I tend to agree with you, as for the Darks,  don't these contain the Bias already? Once the Darks are stacked I guess so do the contained Bias and the Master Dark is then subracted from the lights before division by the master Flat so after this stage all the Lights are Clean and flat fielded before stacking. I really don't know anything about Canon's Bias subtracting each exposure, that was news to me and I have not read anything in craig Stark's articles about this either.

A.G

Yes the darks do contain the bias, and I have been looking further in to this as part of my research on DSLR darks.  I have some way to go on it before it is ready for prime time, but I am now clearer about where to apply bias and why.  Bear in mind that this is specifically aimed as PixInsight processing (or other software that does dark frame scaling, so not DSS or similar). I'll quote from my as yet unfinished blog post:

It is important to note that in order for PI's dark frame optimisation to work to best effect, the master dark must have the master bias subtracted.
There is plenty of guidance out there that says exactly the opposite, i.e. don't bias subtract the master dark and don't bias subtract the light frames as by leaving the bias in the master dark you can subtract both bias and dark from the light frames in one operation. In general that is good advice, but when using software that performs dark scaling it does not apply.
The reason is that the optimisation routine tries to match the dark current using a single (linear) scaling factor which is applied to the whole dark frame. We start with our light frame and our master dark:
Light = Signal + Bias + Dark Current
Master Dark = Bias + ~Dark Current
Where Dark Current is the true dark current in the light, and ~Dark Current is the dark current in the master dark which may not match Dark Current due to temperature or exposure length differences (or indeed mysterious on-camera processing).
If we do not subtract the bias from both the light frames and the master dark, the dark calibration routine has to perform the following calculation:
Calibrated Light = Signal + Bias + Dark Current - Scaling x (Bias + ~Dark Current)
Multiplying the sum of Bias and ~Dark Current by a single scaling factor makes it harder (if not impossible) to subtract the correct amounts of both bias and dark current from the light frame.
If instead we subtract the master bias from the light frame and from the master dark before dark frame optimisation, the following calculation is performed:
Calibrated Light = Signal + Bias - Bias + Dark Current - Scaling x (~Dark Current + Bias - Bias)
Which simplifies to:
Calibrated Light = Signal + Dark Current - Scaling x ~Dark Current 
Hopefully you can see that we have subtracted the correct amount of bias as it nets to zero, whereas in the first case above we would be likely to subtract too little or too much bias depending on the dark scaling factor.
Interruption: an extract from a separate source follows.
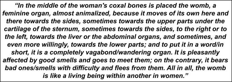 Doctors and philosophers of Greco-Roman antiquity (Hippocrates, Plato, etc.) very early on attributed special properties to the uterus, making it an entity that influences women’s health and behaviour. Aretaeus of Cappadocia, author of a medical treatise, On the Signs and Causes of Acute Diseases, writing in Greek in the 1st or 2nd century AD, described it as “a living being within another.” Like other colleagues of his time, he claimed that the uterus was mobile and travelled within a woman’s body according to circumstances and completely independently of her will (fig. 1). This tendency had already been described several centuries earlier by Hippocratic physicians, who believed that the womb could migrate within the body depending on its heat and humidity, but also on odours, thus causing health problems. When dry, the uterus moves in search of moisture, which is believed to be beneficial. The medical literature of the time contains numerous gynaecological remedies, potions, and pessaries* made from strongly scented substances intended to return the organ to its place and thus cure the patient. It was also during this period that hysteria came to be understood as a disease caused by the wandering of the womb (see the notice “An organ that is still vulnerable even today?”).

Furthermore, the dark frame optimisation routine now has better starting conditions and more chance of finding the true value of Scaling.
In other words, if you do not subtract the bias the master dark will be a less good match for the light frame; either the optimisation routine will fail with a 'No correlation ...' error or it will succeed but with a less good match that might otherwise be possible. (This does not contradict Juan's [PixInsight Author] assertion that the routine is a purely numerical solution by the way, we are simply trying to load the dice in favour of a better outcome).
Note: Since the master bias is the most frequently applied calibration frame, it has the most opportunities to add noise to the final image. As we have seen previously, making a really large, clean master bias is trivially easy, whereas I have found that making an equivalently large master dark is a lot harder. Therefore subtracting the master bias and master dark separately is a practical time-saver that will result in a better final image due to the relatively larger/cleaner master bias frame.
So the upshot is that it is probably a good idea to subtract the bias separately since you can make a much larger bias stack in an hour or two, whereas to create a large master dark stack takes a lot longer (assuming you are trying to control the temperature of an uncooled DSLR - it took me weeks to collect a large library of reasonably closely matched darks).  Aside from this, if you are using dark scaling in your software, it is better to subtract the bias separately as you should get a better matched scaling factor, but otherwise you could just subtract the bias as part of the dark subtraction (assuming you don't care about the bias being a smaller stack as a consequence of doing so).
The other reason for using a separate bias is that you can just bias subtract your flats and not bother with darks at all, assuming the flat exposure is reasonably short (not much dark current will accumulate in a few seconds).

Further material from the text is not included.